#### [YOUR INSTRUCTIONS]
Retype the listing below line for line, but only from the line with "Left disappointed after" down to the line with "Laisse Rétractable Chien", inclusive. Pictures stay out.

#### [RECORDS SHOWN]
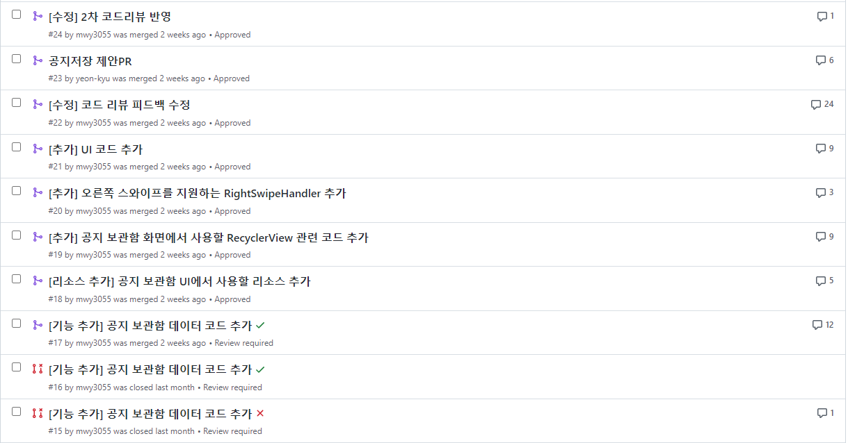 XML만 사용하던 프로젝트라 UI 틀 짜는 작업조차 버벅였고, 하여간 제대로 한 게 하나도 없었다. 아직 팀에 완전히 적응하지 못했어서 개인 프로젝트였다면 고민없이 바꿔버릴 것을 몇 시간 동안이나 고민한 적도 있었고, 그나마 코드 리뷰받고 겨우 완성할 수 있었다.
--
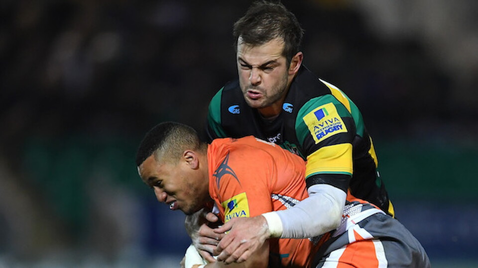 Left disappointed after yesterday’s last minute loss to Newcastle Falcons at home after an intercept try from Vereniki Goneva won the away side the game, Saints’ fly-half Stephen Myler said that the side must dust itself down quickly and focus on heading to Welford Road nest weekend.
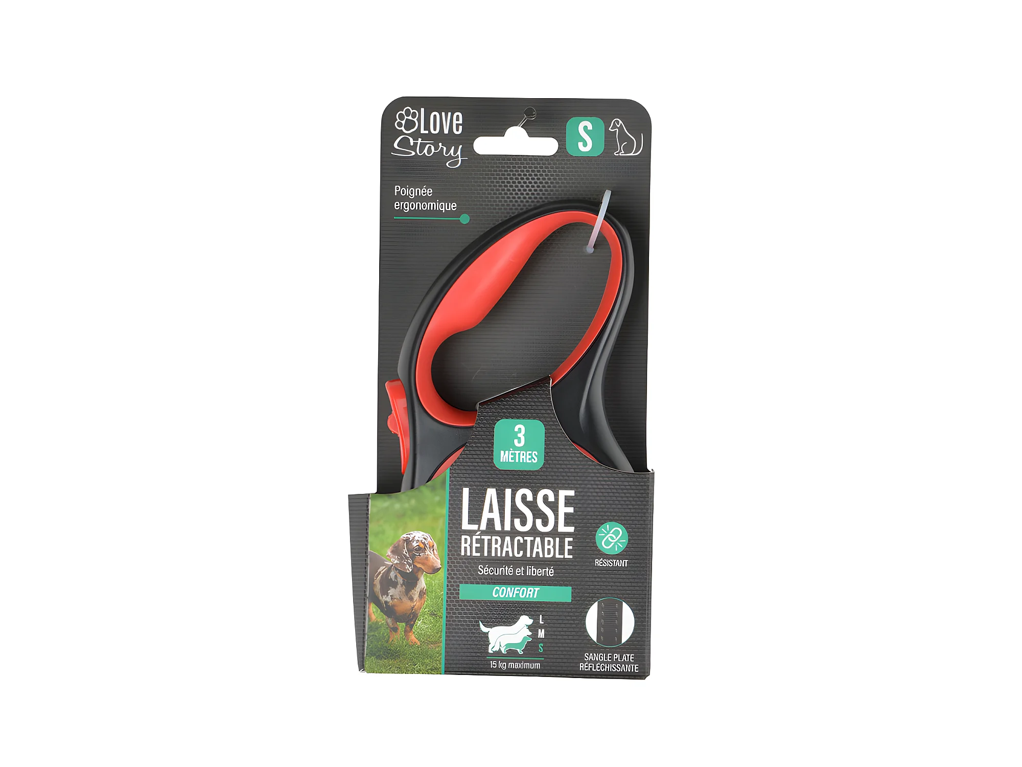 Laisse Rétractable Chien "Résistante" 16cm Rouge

#### [SOLUTION]
 Left disappointed after yesterday’s last minute loss to Newcastle Falcons at home after an intercept try from Vereniki Goneva won the away side the game, Saints’ fly-half Stephen Myler said that the side must dust itself down quickly and focus on heading to Welford Road nest weekend.
 Laisse Rétractable Chien "Résistante" 16cm Rouge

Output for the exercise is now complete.